> [Records for this exercise]
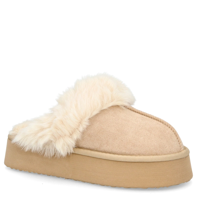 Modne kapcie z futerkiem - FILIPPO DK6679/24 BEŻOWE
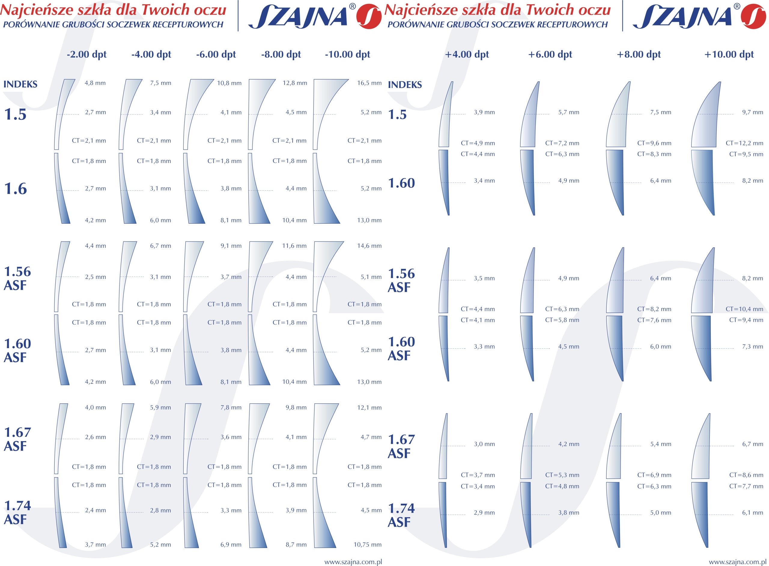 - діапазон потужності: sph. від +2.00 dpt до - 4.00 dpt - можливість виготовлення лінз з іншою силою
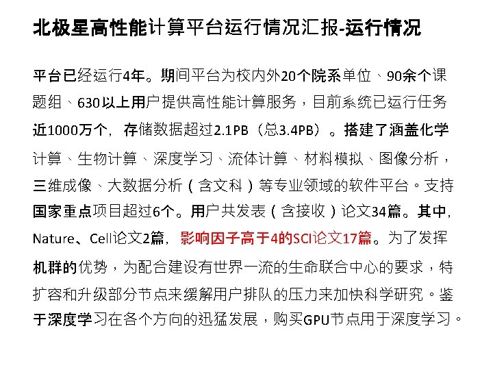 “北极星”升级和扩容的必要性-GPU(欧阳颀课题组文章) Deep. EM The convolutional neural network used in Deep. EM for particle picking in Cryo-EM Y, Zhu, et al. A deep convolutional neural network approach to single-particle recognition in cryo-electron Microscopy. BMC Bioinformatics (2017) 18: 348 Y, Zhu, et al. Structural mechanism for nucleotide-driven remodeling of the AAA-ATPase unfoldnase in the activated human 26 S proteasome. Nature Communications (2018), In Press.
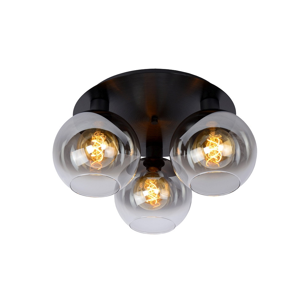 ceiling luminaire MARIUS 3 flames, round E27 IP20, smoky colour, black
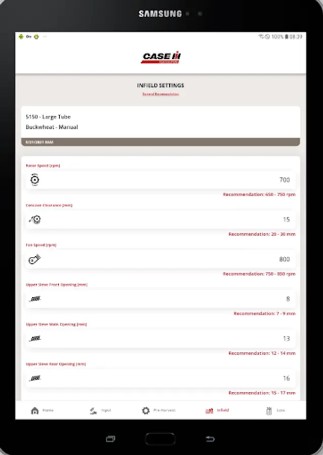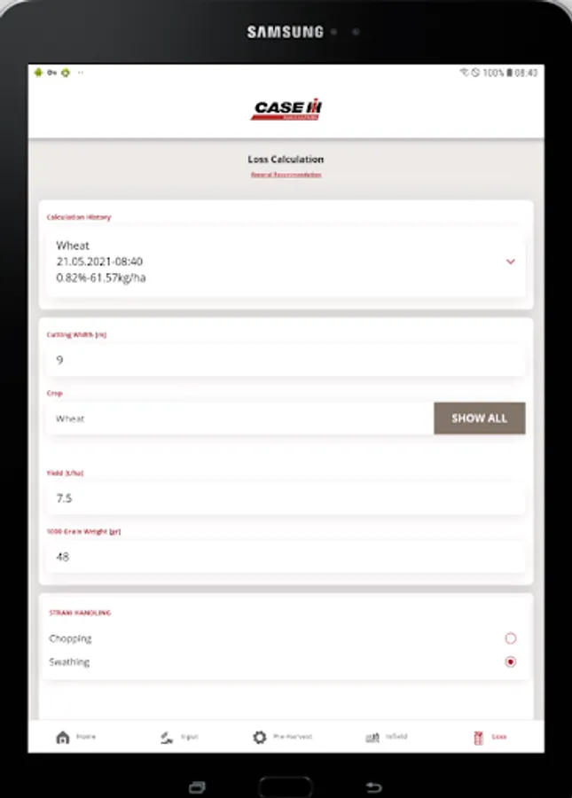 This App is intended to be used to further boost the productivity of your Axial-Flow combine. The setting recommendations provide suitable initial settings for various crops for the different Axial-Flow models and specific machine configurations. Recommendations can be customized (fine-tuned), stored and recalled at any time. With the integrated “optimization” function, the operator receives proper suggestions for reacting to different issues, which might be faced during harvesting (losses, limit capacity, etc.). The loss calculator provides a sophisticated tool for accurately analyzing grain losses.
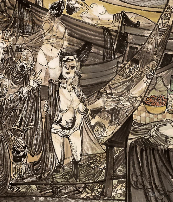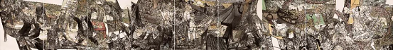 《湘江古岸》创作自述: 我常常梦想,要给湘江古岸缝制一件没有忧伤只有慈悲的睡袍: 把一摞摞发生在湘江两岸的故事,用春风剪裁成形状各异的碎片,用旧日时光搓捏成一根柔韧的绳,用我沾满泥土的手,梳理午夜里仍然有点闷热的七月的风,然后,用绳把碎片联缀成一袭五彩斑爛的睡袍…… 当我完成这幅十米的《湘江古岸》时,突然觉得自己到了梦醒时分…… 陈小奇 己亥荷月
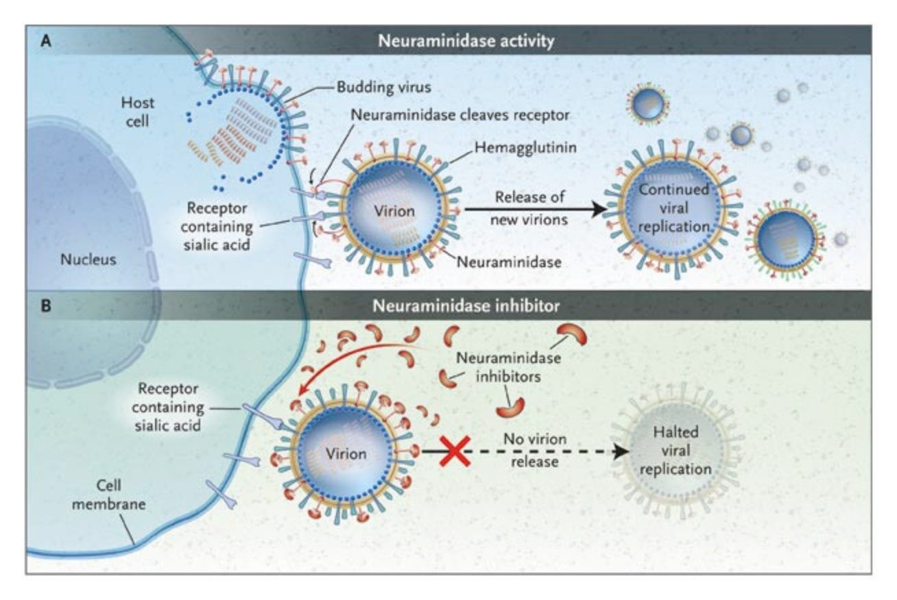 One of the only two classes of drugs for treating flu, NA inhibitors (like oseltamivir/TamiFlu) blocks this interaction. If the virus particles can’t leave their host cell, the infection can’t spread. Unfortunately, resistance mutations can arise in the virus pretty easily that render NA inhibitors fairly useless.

--

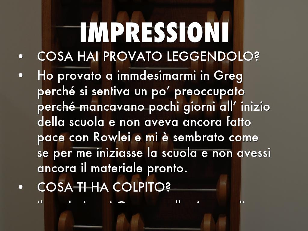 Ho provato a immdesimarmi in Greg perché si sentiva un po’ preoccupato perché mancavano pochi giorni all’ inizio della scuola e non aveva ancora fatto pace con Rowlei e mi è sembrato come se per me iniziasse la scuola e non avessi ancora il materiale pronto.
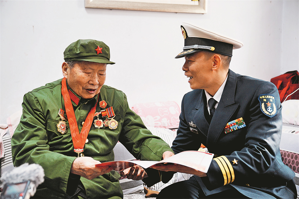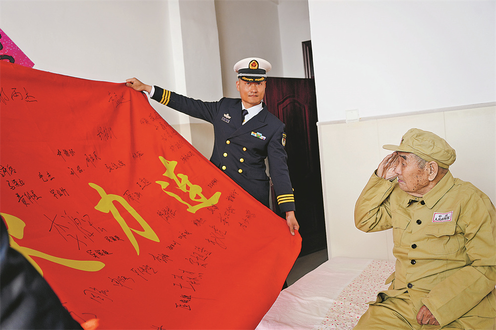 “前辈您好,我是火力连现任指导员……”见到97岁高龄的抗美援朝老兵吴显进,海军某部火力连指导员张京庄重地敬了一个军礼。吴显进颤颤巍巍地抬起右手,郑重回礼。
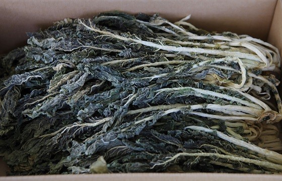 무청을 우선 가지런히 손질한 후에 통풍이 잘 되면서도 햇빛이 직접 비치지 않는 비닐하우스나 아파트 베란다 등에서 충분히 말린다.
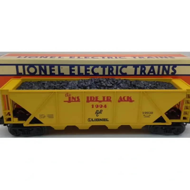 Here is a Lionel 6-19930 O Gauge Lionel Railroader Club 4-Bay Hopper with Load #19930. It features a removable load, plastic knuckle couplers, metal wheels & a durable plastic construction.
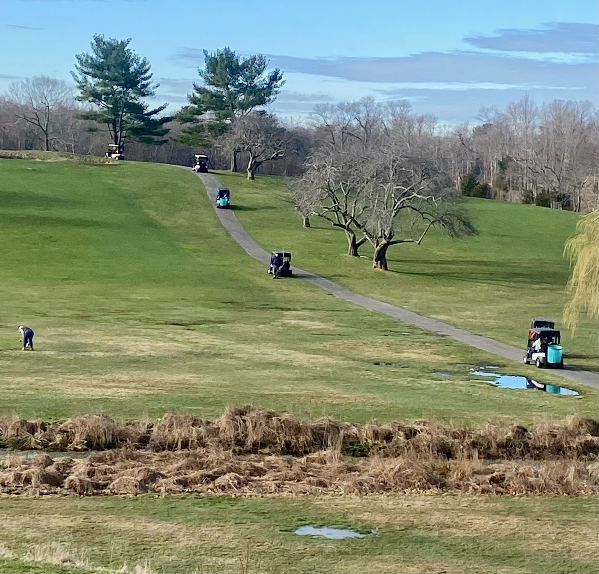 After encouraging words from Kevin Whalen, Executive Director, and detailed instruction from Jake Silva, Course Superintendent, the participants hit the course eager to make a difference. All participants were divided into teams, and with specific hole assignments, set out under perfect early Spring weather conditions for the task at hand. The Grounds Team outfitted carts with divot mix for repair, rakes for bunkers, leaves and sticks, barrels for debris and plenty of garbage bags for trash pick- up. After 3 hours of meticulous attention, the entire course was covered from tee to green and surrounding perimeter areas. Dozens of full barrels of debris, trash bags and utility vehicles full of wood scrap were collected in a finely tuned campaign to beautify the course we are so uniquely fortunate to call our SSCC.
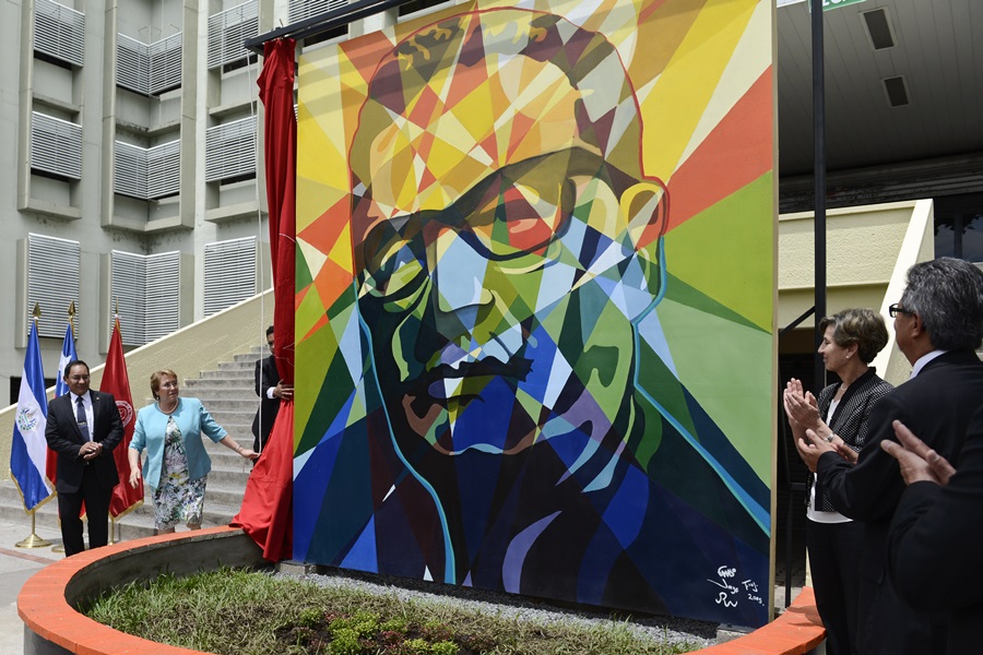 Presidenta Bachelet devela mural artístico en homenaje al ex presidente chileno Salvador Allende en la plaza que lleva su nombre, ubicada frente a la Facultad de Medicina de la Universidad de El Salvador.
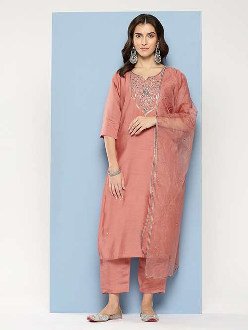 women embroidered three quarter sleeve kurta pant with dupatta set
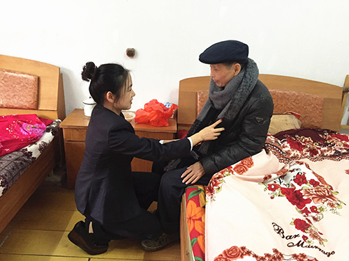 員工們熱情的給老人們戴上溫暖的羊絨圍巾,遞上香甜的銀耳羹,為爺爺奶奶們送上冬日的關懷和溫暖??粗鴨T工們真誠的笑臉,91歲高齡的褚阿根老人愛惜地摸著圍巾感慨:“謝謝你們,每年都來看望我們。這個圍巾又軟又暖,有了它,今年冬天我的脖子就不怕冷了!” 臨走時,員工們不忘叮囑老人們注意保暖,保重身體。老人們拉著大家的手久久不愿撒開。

> [Requirement]
Output only the stretch above from the line with "Modne kapcie z" through the line with "One of the only", reproduced exactly. Exclude pictures.

> [Written answer]
 Modne kapcie z futerkiem - FILIPPO DK6679/24 BEŻOWE
 - діапазон потужності: sph. від +2.00 dpt до - 4.00 dpt - можливість виготовлення лінз з іншою силою
 “北极星”升级和扩容的必要性-GPU(欧阳颀课题组文章) Deep. EM The convolutional neural network used in Deep. EM for particle picking in Cryo-EM Y, Zhu, et al. A deep convolutional neural network approach to single-particle recognition in cryo-electron Microscopy. BMC Bioinformatics (2017) 18: 348 Y, Zhu, et al. Structural mechanism for nucleotide-driven remodeling of the AAA-ATPase unfoldnase in the activated human 26 S proteasome. Nature Communications (2018), In Press.
 ceiling luminaire MARIUS 3 flames, round E27 IP20, smoky colour, black
 This App is intended to be used to further boost the productivity of your Axial-Flow combine. The setting recommendations provide suitable initial settings for various crops for the different Axial-Flow models and specific machine configurations. Recommendations can be customized (fine-tuned), stored and recalled at any time. With the integrated “optimization” function, the operator receives proper suggestions for reacting to different issues, which might be faced during harvesting (losses, limit capacity, etc.). The loss calculator provides a sophisticated tool for accurately analyzing grain losses.
 《湘江古岸》创作自述: 我常常梦想,要给湘江古岸缝制一件没有忧伤只有慈悲的睡袍: 把一摞摞发生在湘江两岸的故事,用春风剪裁成形状各异的碎片,用旧日时光搓捏成一根柔韧的绳,用我沾满泥土的手,梳理午夜里仍然有点闷热的七月的风,然后,用绳把碎片联缀成一袭五彩斑爛的睡袍…… 当我完成这幅十米的《湘江古岸》时,突然觉得自己到了梦醒时分…… 陈小奇 己亥荷月
 One of the only two classes of drugs for treating flu, NA inhibitors (like oseltamivir/TamiFlu) blocks this interaction. If the virus particles can’t leave their host cell, the infection can’t spread. Unfortunately, resistance mutations can arise in the virus pretty easily that render NA inhibitors fairly useless.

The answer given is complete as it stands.